The impact of these events in the summer of 1960 was similar to the Crabb affair in 1956. They served to crush a British plan for increased airborne surveillance and Sigint gathering against the Soviet fleet that had been emerging in the weeks and months immediately prior to the loss of the Gary Powers U-2 aircraft. In early 1960, the First Sea Lord had held a meeting with the US Navy’s Chief of Naval Operations (CNO) and agreed to an ‘increased accent on surveillance’. By March 1961, British plans for increased airborne surveillance of the Soviet fleet were put ‘into cold storage indefinitely’. Other long-established British programmes were brought to a close. Macmillan now required the Joint Intelligence Committee to prepare a review
of all aerial surveillance and submarine surveillance tasks so that he could assess provisionally the value of the intelligence gained from these sorts of activities. These developments contained an element of irony. In the 1950s, Britain and the United States had increasingly turned to technical means of examining the Soviet armed forces and Soviet scientific-technical developments, because human espionage inside the Soviet Union had proved increasingly hazardous and, with a few exceptions, notably unproductive. Forward technical surveillance was now proving to be less than risk-free.
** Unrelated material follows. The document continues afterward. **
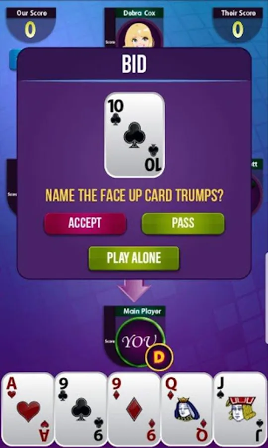 In Euchre Free, a classic card games, you play just like in real life with addict Euchre players, choosing between accepting the trump, passing or changing your cards, playing the match with your partner or going alone. Play the best cards and use the trumps wisely to win the tricks.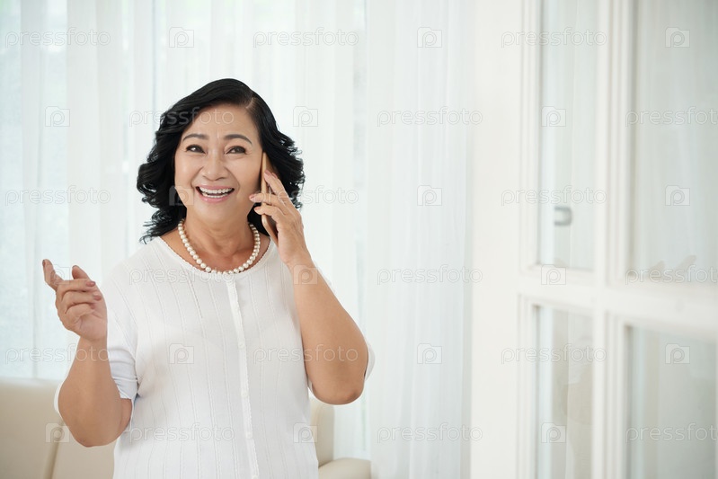 Зрелая женщина, разговаривающая по телефону

Somewhat safer alternatives certainly existed. In the early 1950s, the British had begun cultivating an alternative form of seaborne surveillance: the possibility of gathering intelligence on the Soviet fleet from the relative safety of British trawlers operating in northern waters. This was similar to the Soviet Sigint trawler that became ubiquitous by the 1960s. This sort of activity was less provocative, though not without risk. However, the real solution to intelligence collection without provocation lay with American satellites that came on stream in 1964, providing both imagery and Sigint collection. It is often thought that the first intelligence dividends from satellites took the form of imagery provided by the Corona operations in 1964. In fact, Sigint satellites began their activities in 1962 with a series of successful and highly secret US launches codenamed ‘Heavy Ferret’. By 1970 they had been replaced by the much more sophisticated Rhyolite satellite. The Rhyolite satellite was able to intercept the ‘spillage’ from microwave telephone links, even though these were in theory ‘line of sight’ communications. The resulting information was so plentiful that it required immediate downloading, largely to the NSA sites in Britain at Menwith Hill and in Australia at Pine Gap. Both the NSA and GCHQ struggled to cope with the vast output of the Rhyolite satellite programme which provided astonishing numbers of intercepts.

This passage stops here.